Applications for college teaching jobs, whatever the discipline, typically require a “Statement of Teaching Philosophy.” Since my discipline happens to be Philosophy, perhaps my statement should instead read: “Statement of Teaching Philosophy Philosophy.” At any rate, here is mine from 2005:

My teaching philosophy is to involve students in a non-dogmatic, passionate, logically tight, and historically informed pursuit of wisdom whose main purposes are to learn how to think about and appreciate the mysteries of the universe and live morally in it.

An important element to this end is that students actually see a non-dogmatic, passionate, logically careful, and historically informed philosopher at work. If we praise Socrates, for instance, we must behave like Socrates. Students must also see that a philosopher looks for inspiration and ideas everywhere, even in the thoughts and experiences of those less knowledgeable and experienced. I have certainly learned from many of my students (even children) and will continue to do so. If I am unwilling to learn from my students, why should I expect them to want to learn from me? No one has a lock on wisdom.

As teachers, we must be keenly aware of our motivations. Let me recount a true story of my first course as the primary instructor. The usual plan is to be evaluated by the end of the quarter. But about two-thirds of the way into the quarter, I began to worry. What kind of “scores” would I receive from my students? Although the class was going reasonably well, how could I be sure that my students liked me? I already had good TA evaluations in previous logic classes, so why was I concerned in my first attempt at teaching solo? Eventually, my worries and rationalization so overcame my good sense, and I decided not to have my students evaluate me. Lo and behold, after coming to this decision, the class went brilliantly. My teaching became markedly better. I was relaxed. The students sensed this and opened up.
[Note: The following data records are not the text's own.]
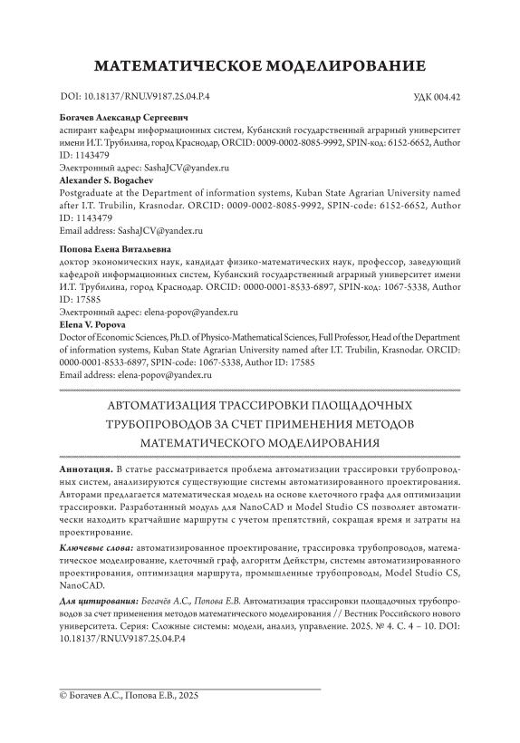 Автоматизированное проектирование, трассировка трубопроводов, математическое моделирование, клеточный граф, алгоритм Дейкстры, системы автоматизированного проектирования, оптимизация маршрута, промышленные трубопроводы, Model Studio CS, NanoCAD
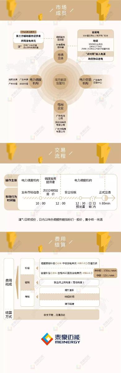 中國儲能網訊:為落實國家和廣東省電力體制改革相關實施方案,完善市場機制,國家能源局南方監(jiān)管局近日發(fā)布了《廣東調頻輔助服務市場交易規(guī)則(試行)》文件,預示廣東調頻輔助服務于2018年9月1日正式開始試運行及結算,為即將開啟的電力現貨市場奠定了堅實的基礎。 知道你們看膩了文字解讀,所以這次邁能研究院將教你如何一眼看全該試行文件。
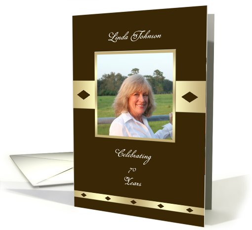 Brown and Gold Photo 70th (or any age) Birthday Party Invitations
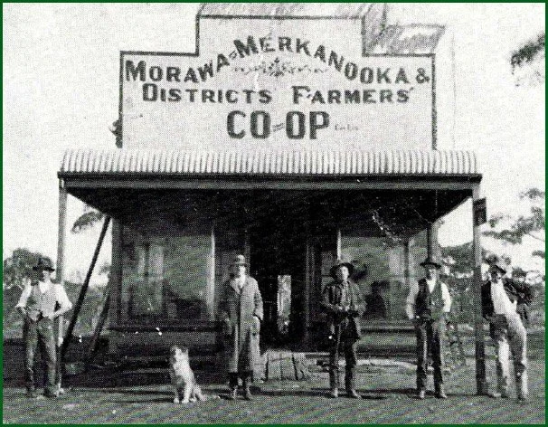 Page VI: Morawa’s first Co-op store the Morawa & Merkanooka Districts Farmers’ Co-op. Picture shows A. Granville, Mr. Tipping, Mr. Sasse, N Gill, Mr. Hepworth. Prior to being known as Morawa the township was often referred to as South Merkanooka.
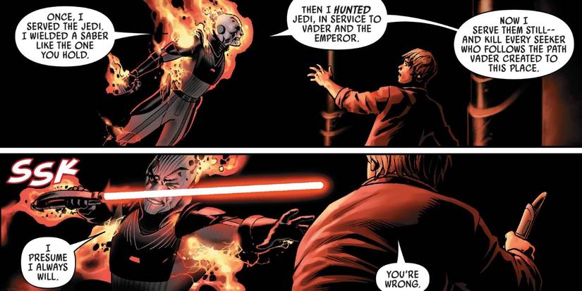 Como se revela en el cómic canónico de Marvel La guerra de las galaxias #6 por Charles Soule y Jesús Saiz, Luke Skywalker activa una trampa del lado oscuro cuando explora un puesto avanzado Jedi abandonado poco después de los eventos de El imperio ContraatacaEsto hace que el joven Jedi se enfrente al espíritu corrupto del mismísimo Gran Inquisidor, aún ardiendo por su ardiente muerte en Rebeldes de la Guerra de las GalaxiasFinalmente, se reveló después de la victoria y el escape de Luke que el El espíritu del Gran Inquisidor había sido efectivamente maldecido y atado a este puesto avanzado por Darth Vader para servir como una trampa viviente para cualquiera que buscara conocimiento de los Jedi.
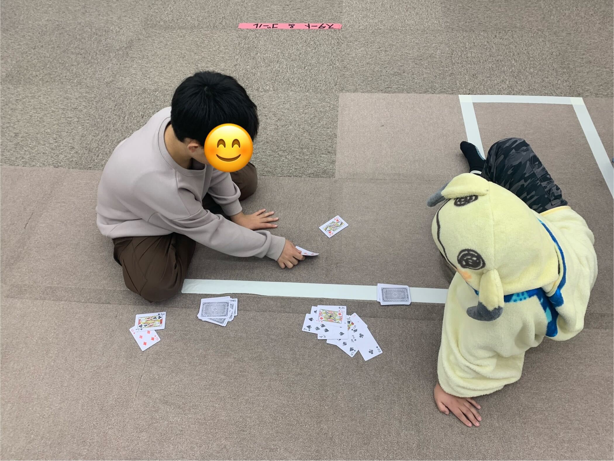 トランプを選んだ2人のお子さんが、何やら新しい遊びを繰り広げている??

There was a rapport between myself and my students that simply was not there before. What is the moral of this story? Simply this: as teachers, we must be aware of our motivations. Do we care more that our students learn or that they like us?

I now believe (whereas I did not previously) that if a class is not going well, it is most likely the fault of the teacher and not the students. Surely, I was the one to blame for the first part of that logic course. And thus, I take student evaluations very seriously. For the most part I find that they are helpful and perceptive. For example, in my modern philosophy classes, I now spend less time on substance and more on causality and personal identity. Also, student comments have confirmed that my decision to change the critical thinking text was the right one. I even bought some new clothes on a suggestion by one of my students! But regarding certain issues, my flexibility extends only so far.

I believe that the kinds of assignments we require of our students are vital to what we accomplish as teachers. And, because there are many objectives in teaching—developing skills, imparting knowledge, building self-confidence—we need to vary assignments accordingly. For example, take-home papers often provide students an opportunity to develop confidence. But students also need to express their ideas under the pressure of time and other distractions; hence, in-class examinations are needed as well. Moreover, I have found that in varying the kinds of assignments required I can really see the progress that each student is making. Some students are very comfortable taking a week to write a paper while others tend to do better under strict time-constraints.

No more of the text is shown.